Bu kapsamda katma değer vergisi oranları, değişik tarihlerde çıkarılan Bakanlar Kurulu Kararları (BKK) ile farklı mal teslimleri ile hizmet ifaları için farklı oranlarda uygulanmıştır.

30/12/2007 tarihli ve 26742 sayılı Resmi Gazetede yayımlanan 2007/13033 sayılı BKK ile mal ve hizmetlere uygulanacak katma değer vergisi oranlarının tespitine ilişkin daha önceki bütün kararnameler yürürlükten kaldırılarak, KDV oranları için temel bir düzenleme yapılmıştır.

Bu düzenlemede, mal ve hizmetlere halen uygulanmakta olan üçlü oran sistemi ve oranlar aynen korunarak mal teslimleri ile hizmet ifalarına uygulanacak katma değer vergisi oranları,

a) Ekli listelerde yer alanlar hariç olmak üzere, vergiye tabi işlemler için, %18

b) Ekli (I) sayılı listede yer alan teslim ve hizmetler için, %1

c) Ekli (II) sayılı listede yer alan teslim ve hizmetler için, %8

olarak tespit edilmiştir. Söz konusu Karar ekinde yer alan vergi oranlarında, daha sonra muhtelif tarihlerde değişiklikler yapılmıştır.

Son olarak 9 Mayıs 2018 tarihli ve 30416 sayılı Resmi Gazete’de yayımlanan 23/4/2018 2018 tarihli ve 2018/11658 sayılı BKK ile 24/12/2007 tarihli ve 2007/13033 sayılı Bakanlar Kurulu Kararı ile yürürlüğe konulan Mal ve Hizmetlere Uygulanacak Katma Değer Vergisi Oranlarının Tespitine İlişkin Kararda değişiklik yapılmıştır.

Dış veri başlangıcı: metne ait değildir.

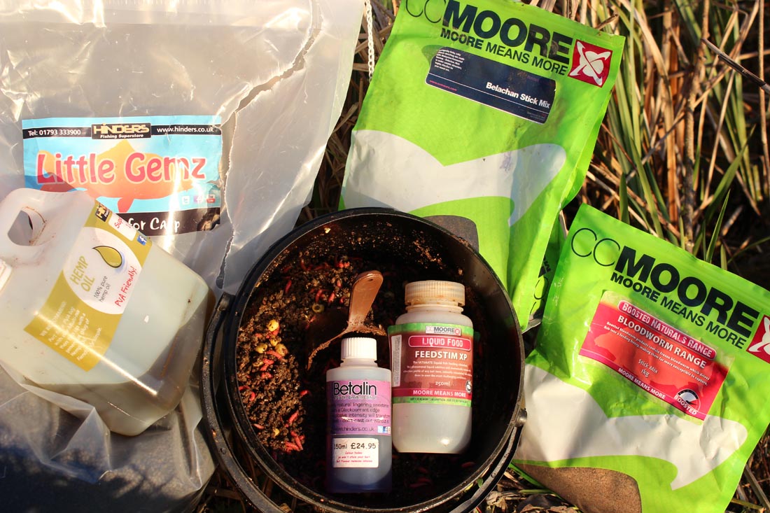 At first light I noticed a couple of fish rolling at around sixty yards range. After a couple of exploratory casts with a marker float, I soon pin-pointed a lovely clean area which the fish had obviously been showing over. I soon had a mixture of Hinders hemp, Little Gemz, dead and live maggots, CC Moore’s Belachan stick mix, Hemp Oil and Betalin and Black and CC Moore’s Feedstim deposited over the area.

Yapılan değişiklikle 24/12/2007 tarihli ve 2007/13033 sayılı Bakanlar Kurulu Kararı eki (I) sayılı listeye aşağıdaki 20 No’lu sıra eklenerek, “2007/13033 sayılı Kararın eki (I) sayılı listeye “İl özel idareleri, belediyeler ile bağlı kuruluşları ve bunların üyesi olduğu mahalli idare birliklerine, doğrudan doğruya veya dolaylı olarak, birlikte ya da ayrı ayrı sermayesinin yarısından fazlası bunlara ait şirketler tarafından doğrudan sunulan 4/1/2002 tarihli ve 4734 sayılı Kamu İhale Kanunu’nun 62’nci maddesinin birinci fıkrasının (e) bendinde belirtilen personel çalıştırılmasına dayalı hizmetler”

İçin uygulanan KDV oranı, 1 Haziran 2018 tarihinden itibaren %1 olarak belirlenmiştir.

4734 sayılı Kamu İhale Kanunu’nun 62’nci maddesinin birinci fıkrasının (e) bendinde;

“1) 5018 sayılı Kanuna ekli (I), (II), (III) ve (IV) sayılı cetvellerde yer alan kamu idareleri (MİT Müsteşarlığı hariç) ile bunlara bağlı döner sermayeli kuruluşlar, 375 sayılı Kanun Hükmünde Kararnameye ekli (I) sayılı listede yer alan idarelerin merkez ve taşra teşkilatları, il özel idareleri, belediyeler ile bağlı kuruluşları ve bunların üyesi olduğu mahalli idare birlikleri, birlikte veya ayrı ayrı sermayesinin yarısından fazlası il özel idareleri, belediyeler ve bağlı kuruluşlarına ait şirketler; merkezi yönetim, sosyal güvenlik kurumu, fon, kefalet sandığı, yatırım izleme ve koordinasyon başkanlığı, gençlik hizmetleri ve spor il müdürlüğü, mahalli idare ve şirket bütçelerinden veya döner sermaye bütçelerinden, anılan liste kapsamındaki diğer idareler için ise kendi bütçelerinden personel çalıştırılmasına dayalı hizmet alımı veya niteliği itibarıyla bu sonucu doğuracak şekilde alım yapamaz ve buna imkân sağlayan diğer mevzuat hükümleri uygulanmaz.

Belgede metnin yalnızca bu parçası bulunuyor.